Если бы даже маркиза де Говожо не знала, что ложа бенуара принадлежит принцессе, все-таки она догадалась бы, что герцогиня Германтская – ее гостья, по преувеличенному интересу к тому, что происходит на сцене и в зрительном зале, какой проявляла герцогиня из любезности к хозяйке. Но одновременно с этой центробежной силой другая, противоположная сила, вызванная тем же самым желанием быть любезной, направляла внимание герцогини на ее собственный туалет: на эгретку, колье, корсаж, а равно и на туалет принцессы, с которой герцогиня держалась как ее подданная, как ее рабыня, приехавшая сюда, только чтобы с ней повидаться, готовая последовать за нею куда угодно, если владелице ложи придет фантазия уйти отсюда, и смотревшая на всю остальную публику лишь как на собрание занятных незнакомцев, хотя среди них находилось немало ее друзей, в чьи ложи ее звали на какой-нибудь другой неделе и по отношению к кому она выказывала тогда точно такую же исключительную, релятивистскую, однонедельную преданность. Маркизу де Говожо удивило, что герцогиня сегодня вечером в театре. Она знала, что герцогиня не скоро собирается выехать из Германта, и была уверена, что та все еще там. Но ей сказали, что, когда в Париже шел интересовавший герцогиню Германтскую спектакль, герцогиня приказывала закладывать карету после чаю, который она пила с охотниками, а на закате солнца крупной рысью, сначала потемневшим лесом, а потом по дороге мчалась в Комбре, садилась в поезд и вечером приезжала в Париж. «Наверно, она приехала из Германта ради Берма», – с восхищением думала маркиза де Говожо.
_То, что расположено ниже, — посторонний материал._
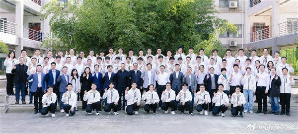 武汉大学官微晒图:雷军与武大同学拍合照 一起比OK
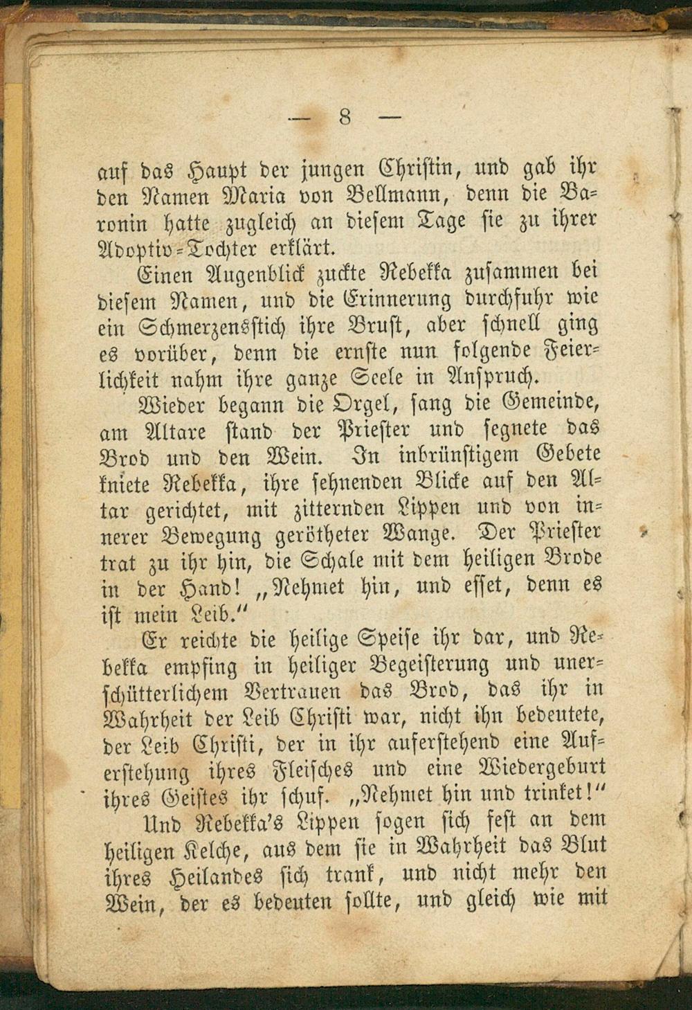 kniete Rebekka, ihre ſehnenden Blicke auf den Al⸗ tar gerichtet, mit zitternden Lippen und von in⸗ nerer Bewegung gerötheter Wange. Der Prieſter trat zu ihr hin, die Schale mit dem heiligen Brode in der Hand!„Nehmet hin, und eſſet, denn es iſtmein eib Er reichte die heilige Speiſe ihr dar, und Re⸗ bekka empfing in heiliger Begeiſterung und uner⸗ ſchütterlichem Vertrauen das Brod, das ihr in Wahrheit der Leib Chriſti war, nicht ihn bedeutete, der Leib Chriſti, der in ihr auferſtehend eine Auf⸗ erſtehung ihres Fleiſches und eine Wiedergeburt ihres Geiſtes ihr ſchuf.„Nehmet hin und trinket!“ Und Rebekka's Lippen ſogen ſich feſt an dem heiligen Kelche, aus dem ſie in Wahrheit das Blut ihres Heilandes ſich trank, und nicht mehr den Wein, der es bedeuten ſollte, und gleich wie mit

Она припоминала, что говорил о герцогине Сван на том двусмысленном жаргоне, на каком говорил и де Шарлю: «Герцогиня – одно из самых благородных человеческих существ в Париже, она принадлежит к самой утонченной, к самой изысканной элите». Мне же, судившему по фамилиям Германт-Баварские или Конде об образе жизни и образе мыслей этих двух женщин (я уже не мог судить по фамилиям об их наружности, потому что я их видел), важнее было знать их мнение о «Федре», чем мнение лучшего в мире критика. В мнении критика я обнаружил бы только ум, ум острее моего, но такого же склада. Что думали герцогиня и принцесса Германтские, эти поэтические создания, чьи мысли послужили бы мне бесценным выявлением их сущности, – это я воображал с помощью их фамилий, я угадывал в их суждениях иррациональную прелесть и, томимый тоскою по родине, жаждал найти в них прелесть летних дней, когда я ходил гулять по направлению к Германту.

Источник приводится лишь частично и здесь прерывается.